With Nick Ruest and William Turkel, I’ve been exploring the tweets of the 42nd Canadian federal election that used the #elxn42 hashtag. Having also been part of the team that launched WebArchives.ca during the federal election, I wondered: what would a web archive created using the tweets of users look like compared to a formal collection, curated by a subject librarian? And secondly, how much of it would be in the Wayback Machine more generally?
The Canadian Political Parties and Political Interest Groups collection consists of fifty domains, which you can see here. Our #elxn42 collection contains of over a million and a half tweeted URLs, of which 263,708 were unique. How many of those 263,708 URLs could or will end up in the Canadian Political Parties collection?
To find out, we compared the two lists. I created one list of all of the CPP domains (a text file, one entry per line, such as
ndp.ca, etc.), and one list of all of the tweeted URLs (such as
http://www.votetogether.ca/, etc.).

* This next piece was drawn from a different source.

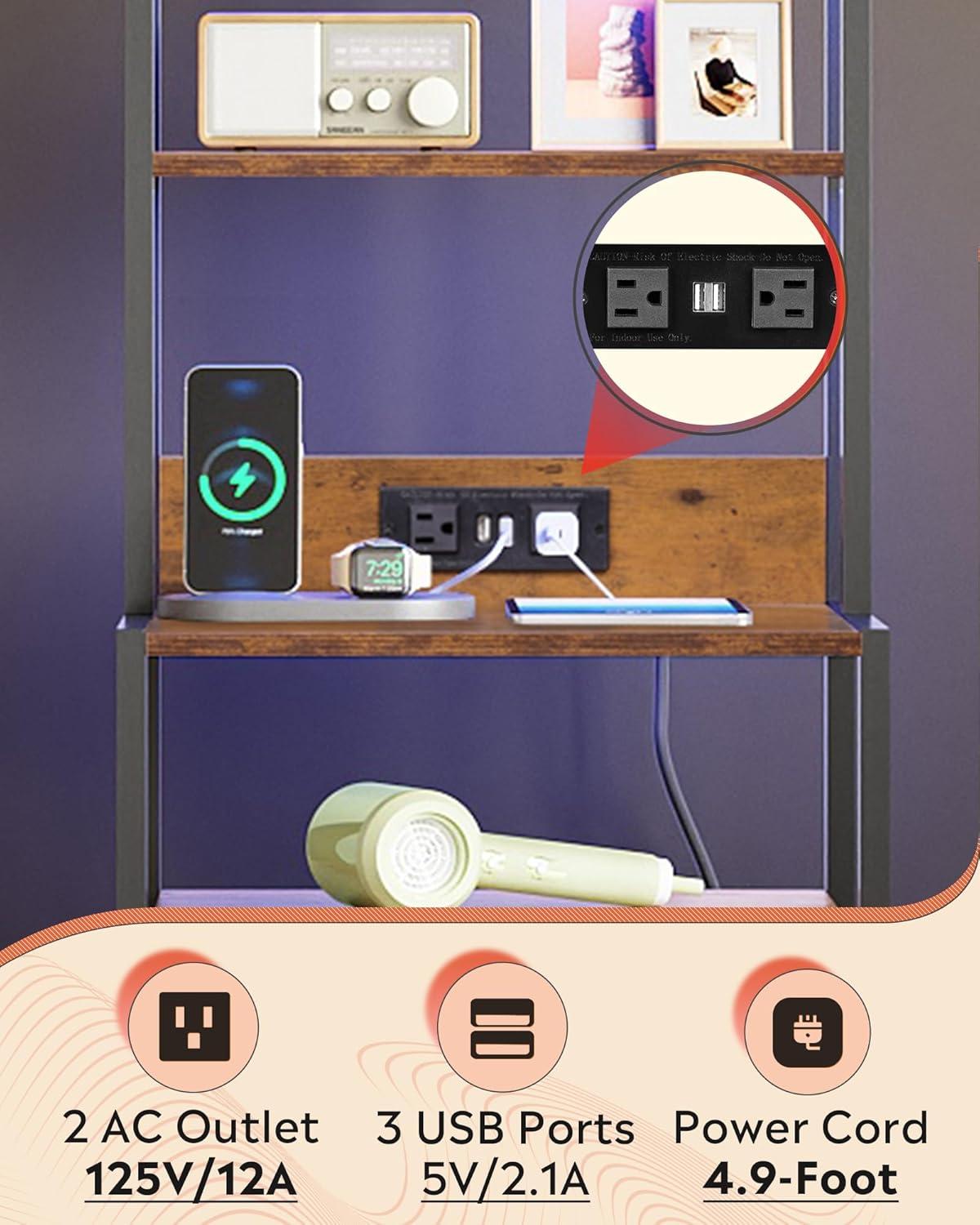 【Built-in Power】This nightstand with charging station includes extra USB ports for LED lights and devices like phones or tablets. Its spill-proof outlet design ensures safety, ideal for families with kids.

The useful command
grep -wFf Webarchives-domains.md elxn42-tweets-urls-uniq.txt > intersections.txt helped compare the two, listing only links in our Twitter collection that contained the top-level domain from the former.
What did we find?
46,778, or 17.7%, of the URLs tweeted during #elxn42 could have been archived as part of the CPP collection. That means that 82.3% of URLs would not be part of the CPP collection.
What does this mean?
It raises some questions:
- Should we be using Twitter more as a seed list for event-based archiving, similar to what Ed Summers proposed around say the events of Ferguson, MO or during natural disasters?
- Should we be publicizing this more around WebArchives.ca, highlighting the gaps that you would find in a more formal web archive like that?
- What would similar work find?
What about the Wayback Machine more generally?
One pressing research question is, of course, how many URLs end up in the Wayback Machine more generally. It is still early days – we’ll have to check back in later, because many URLs just wouldn’t have been crawled yet – but of those 263,708 URLs, 221,491 were not found using the Wayback Machine Availability API. That’s 83.99% of all URLs tweeted during #elxn42 that you can’t find in the Wayback Machine.